### What the exercise asks
Exact copy, pictures excluded: please retype the lines from the start of the material through the line containing "محل برگزاری آزمون: اداره", both ends included, and nothing more.

──────────────────────────────

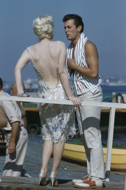 กำลังถ่ายละครกับ Tony Curtis ในปี 1958
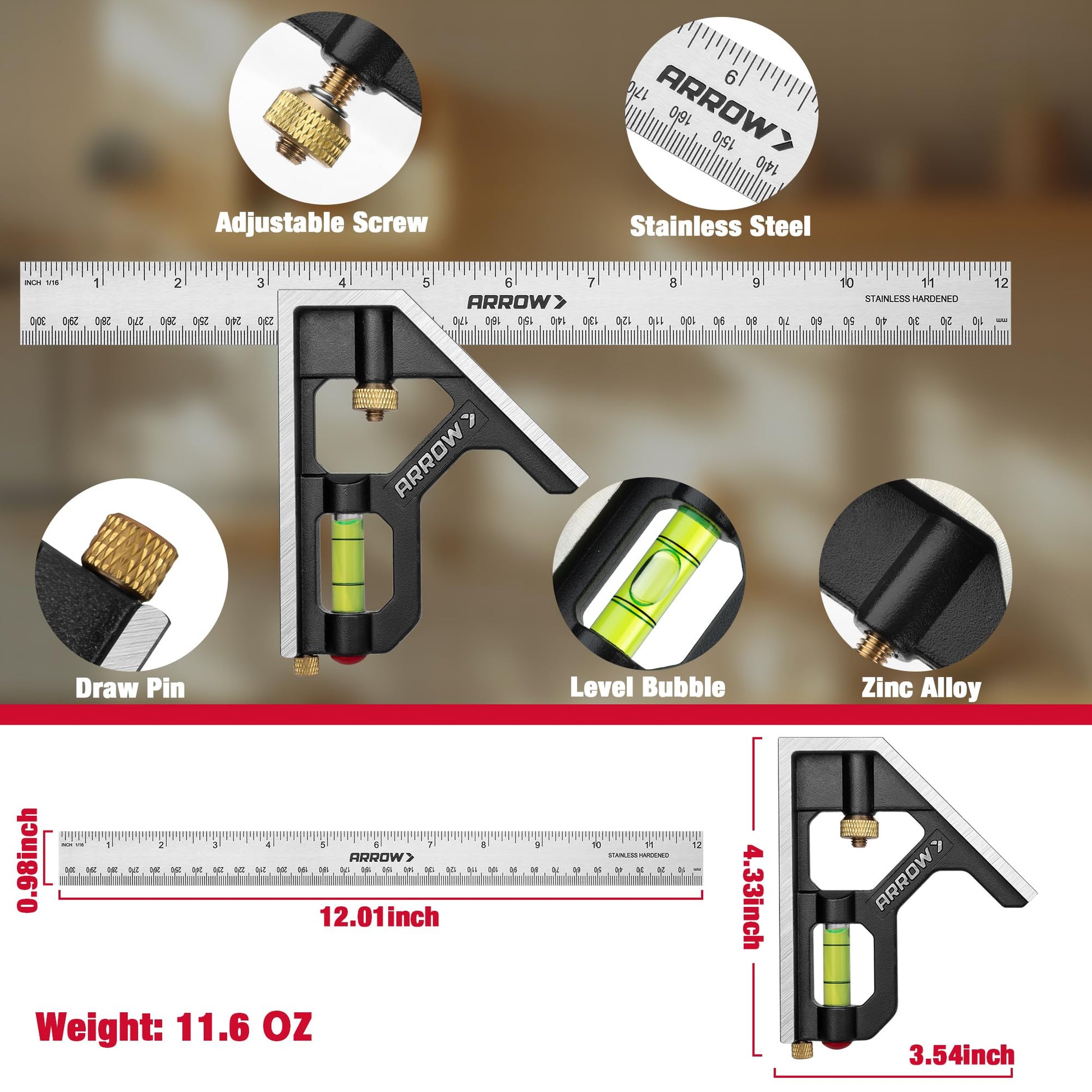 Arrow Combination Square, 12-Inch Combo Square with Stainless Steel Ruler, Zinc Alloy Body and Bubble Level for Carpenters and Craftsmen
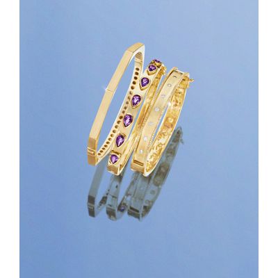 Pulseira rígida de ouro rosa com diamantes baguete PL300068 - UNICO |
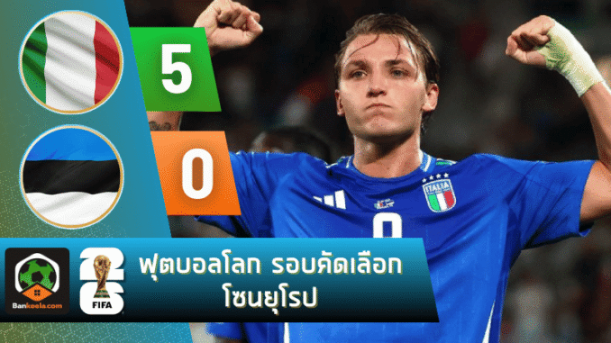 จาก : ผลบอลสด ฟุตบอลโลก 2026 รอบคัดเลือก โซนยุโรป กลุ่ม I ระหว่าง อิตาลี 5-0 เอสโตเนีย วันนี้ 6/9/68 – บ้านกีฬา
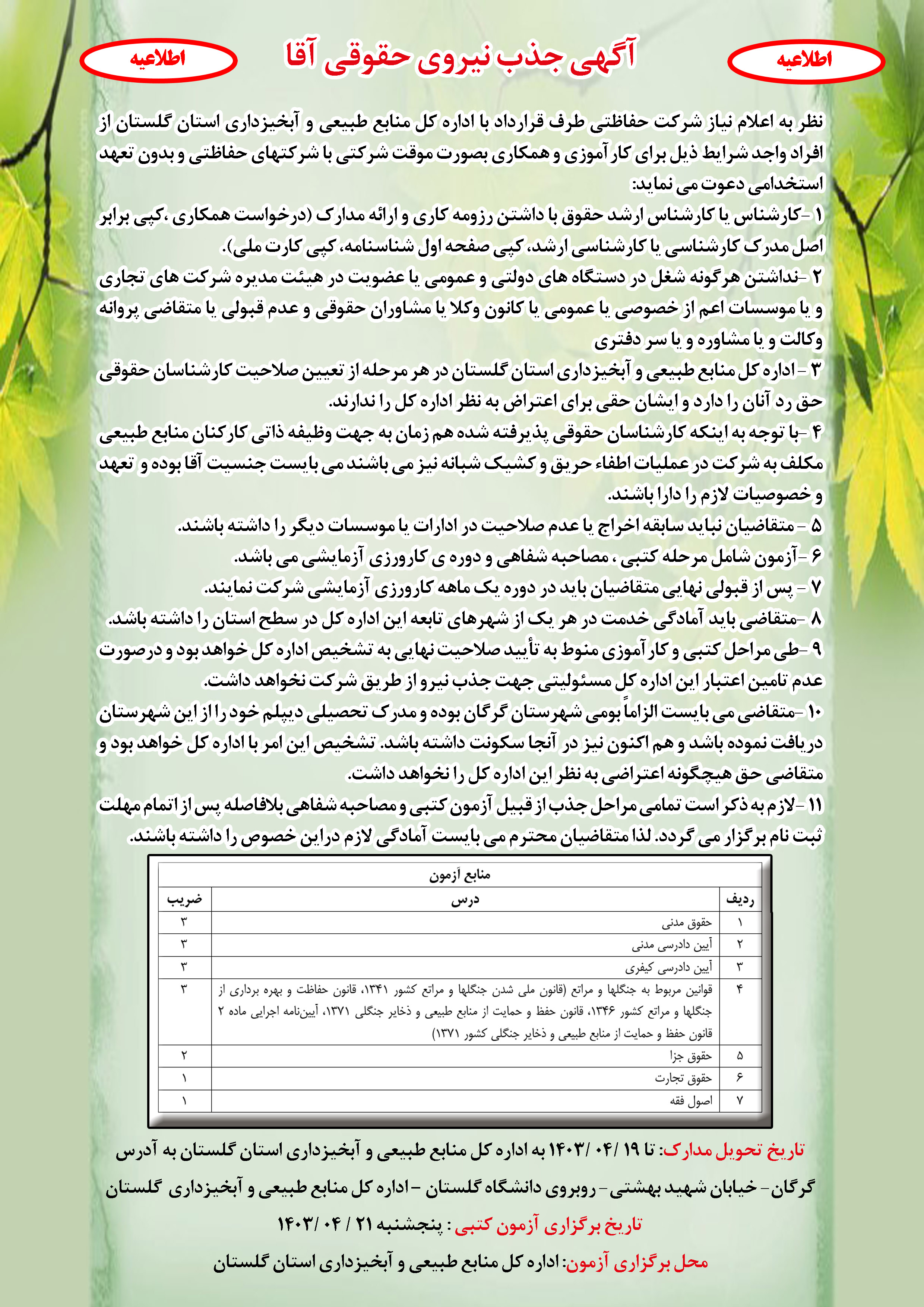 محل برگزاری آزمون: اداره کل منابع طبیعی و آبخیزداری استان گلستان
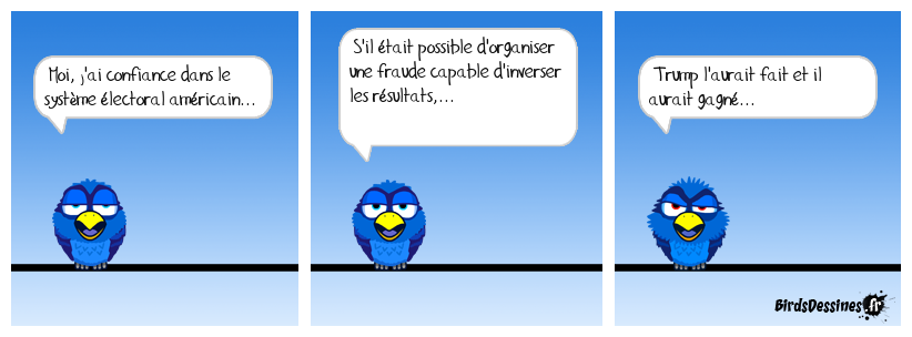 Case 1:Bird 1: Moi, j'ai confiance dans le système électoral américain... | Case 2: Bird 1: S'il était possible d'organiser une fraude capable d'inverser les résultats,... | Case 3: Bird 1: Trump l'aurait fait et il aurait gagné...
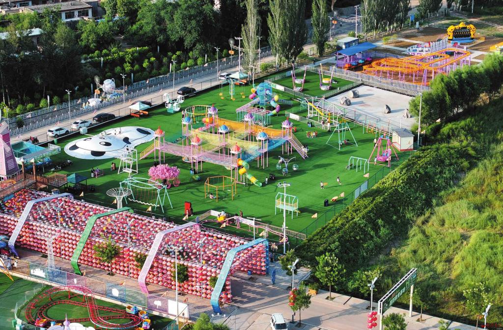 近年來(lái),河曲縣唐家會(huì)村圍繞“宜居宜業(yè)和美鄉(xiāng)村”建設(shè)目標(biāo),通過(guò)農(nóng)旅項(xiàng)目集群化、文化資源品牌化、政策激勵(lì)精準(zhǔn)化等舉措,探索形成了“特色種植支撐旅游、旅游反哺農(nóng)業(yè)品牌、文化激活鄉(xiāng)村美學(xué)”的農(nóng)文旅深度融合發(fā)展之路。圖為村內(nèi)的游樂(lè)園。(馮曉磊攝)
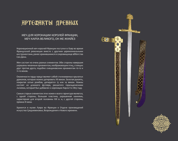 То есть все остальные части меча подверглись изменениям и модификациям, благодаря чему меч выглядит как новый и по сей день. Именно поэтому в музее Лувра почти все части меча указаны как относящиеся к разным векам.
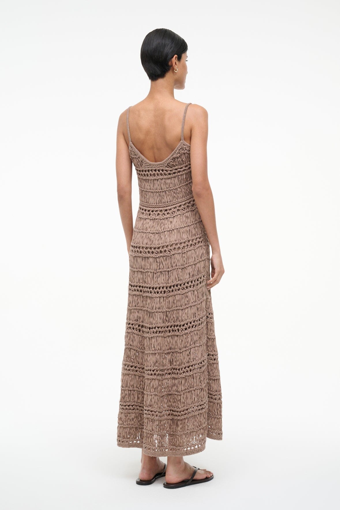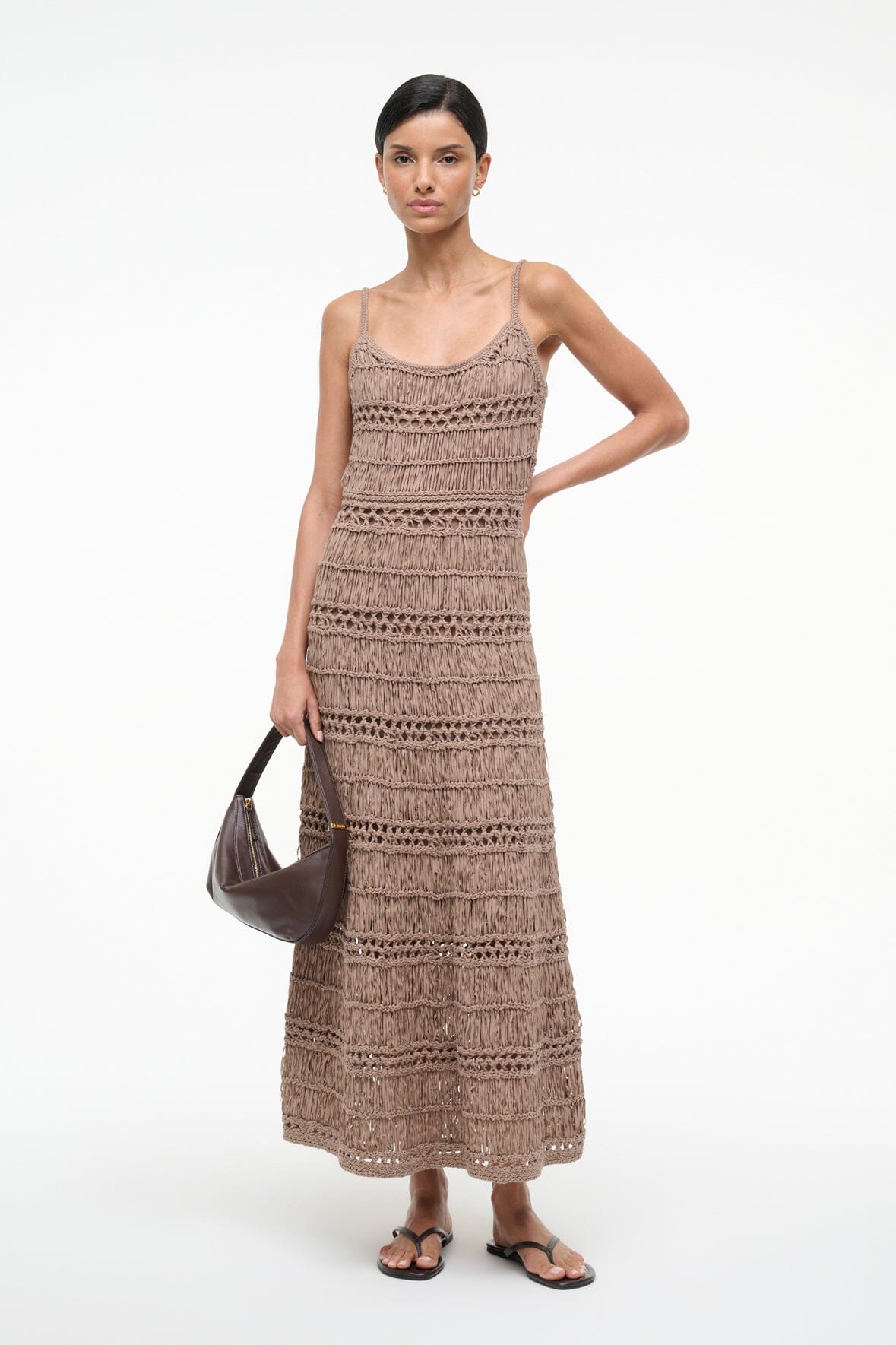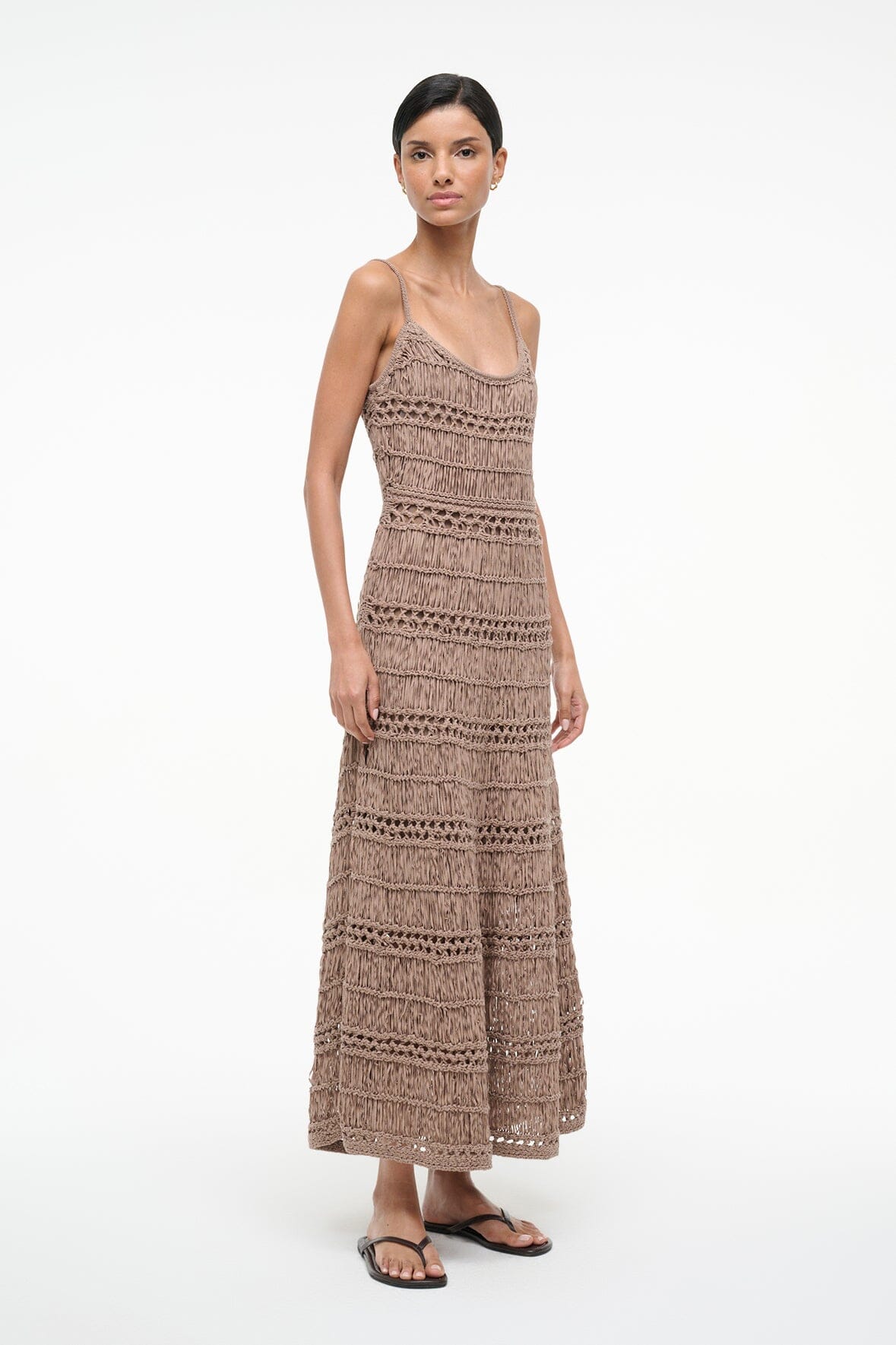The Kingston Dress is a crochet tape yarn maxi dress. This style is fitted throughout the bodice and features thin spaghetti straps.
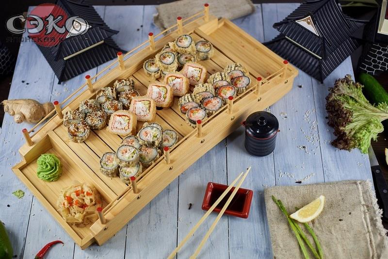 Состав: Ролл сяке темпура маки, ролл калифорния темпура маки, ролл сяке кунсей темпура маки, ролл тори темпура, ролл сяке темпура маки
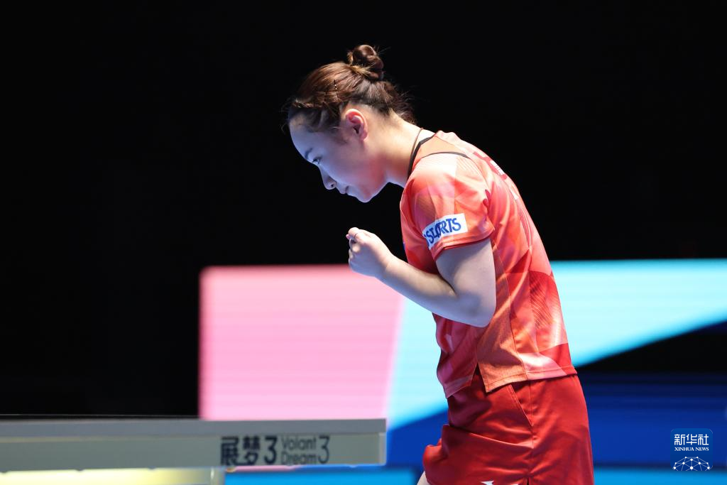 2月22日,伊藤美诚在比赛中庆祝得分。
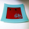 This platter has a section of transparent red glass bordered on all sides by opaque turquoise glass, and features a vintage Cruiser bike and power lines printed in light turquoise blue and black enamels, then fused in a kiln to about 1400 degrees. The fused piece is cold worked on glass saws and grinders, then returned to the kiln to slump into it's final shape. It is screen printed, kiln formed glass, 12" square, about 1/4" thick and slumped into a sushi-style mold, making it about 2" high at the corners.
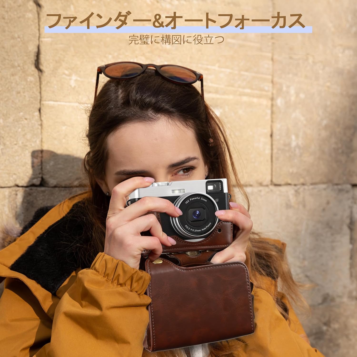 800万画素 オートフォーカス 手振れ補正 16倍ズーム 多機能 デジカメ 初心者向け 軽量 ファインダー モードダイヤル 本革カメラバッグ付き 32Gカード付属
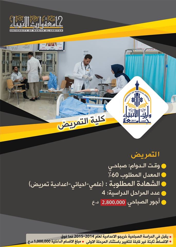 كلية التمريض في جامعة وارث الانبياء: تقبل هذه الكلية خريجوا الدراسة الاعدادية ( العلمي ، الاحيائي) واعدادية التمريض والقبالة وباجور دراسية 2,800,000 تسدد على ثلاث دفعات علما ان الحد الادنى لمعدل القبول هو 60٪؜
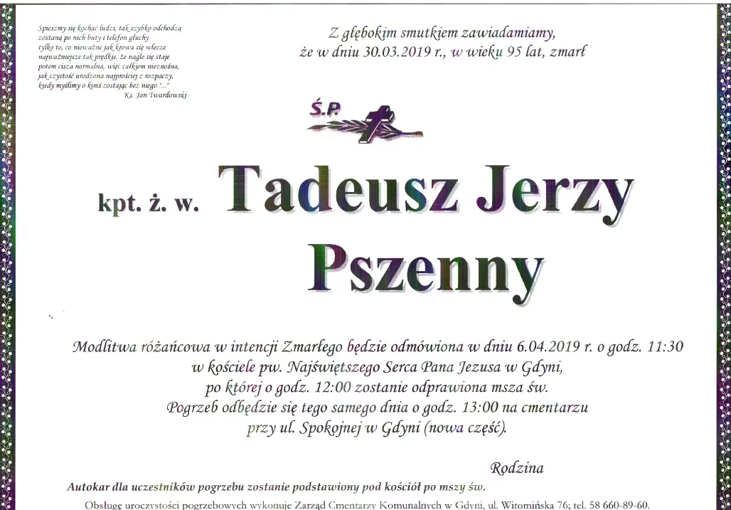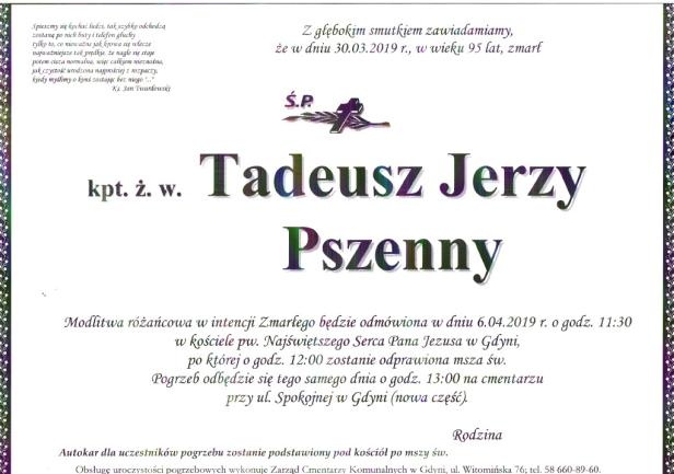 Pożegnanie śp. kpt.ż.w. Tadeusza Jerzego Pszennego - sobota 6 kwietnia b.r.: kościół pw. Najświętszego Serca Pana Jezusa w Gdyni (ul. Armii Krajowej 46)

──────────────────────────────

### Output
 กำลังถ่ายละครกับ Tony Curtis ในปี 1958
 Arrow Combination Square, 12-Inch Combo Square with Stainless Steel Ruler, Zinc Alloy Body and Bubble Level for Carpenters and Craftsmen
 Pulseira rígida de ouro rosa com diamantes baguete PL300068 - UNICO |
 จาก : ผลบอลสด ฟุตบอลโลก 2026 รอบคัดเลือก โซนยุโรป กลุ่ม I ระหว่าง อิตาลี 5-0 เอสโตเนีย วันนี้ 6/9/68 – บ้านกีฬา
 محل برگزاری آزمون: اداره کل منابع طبیعی و آبخیزداری استان گلستان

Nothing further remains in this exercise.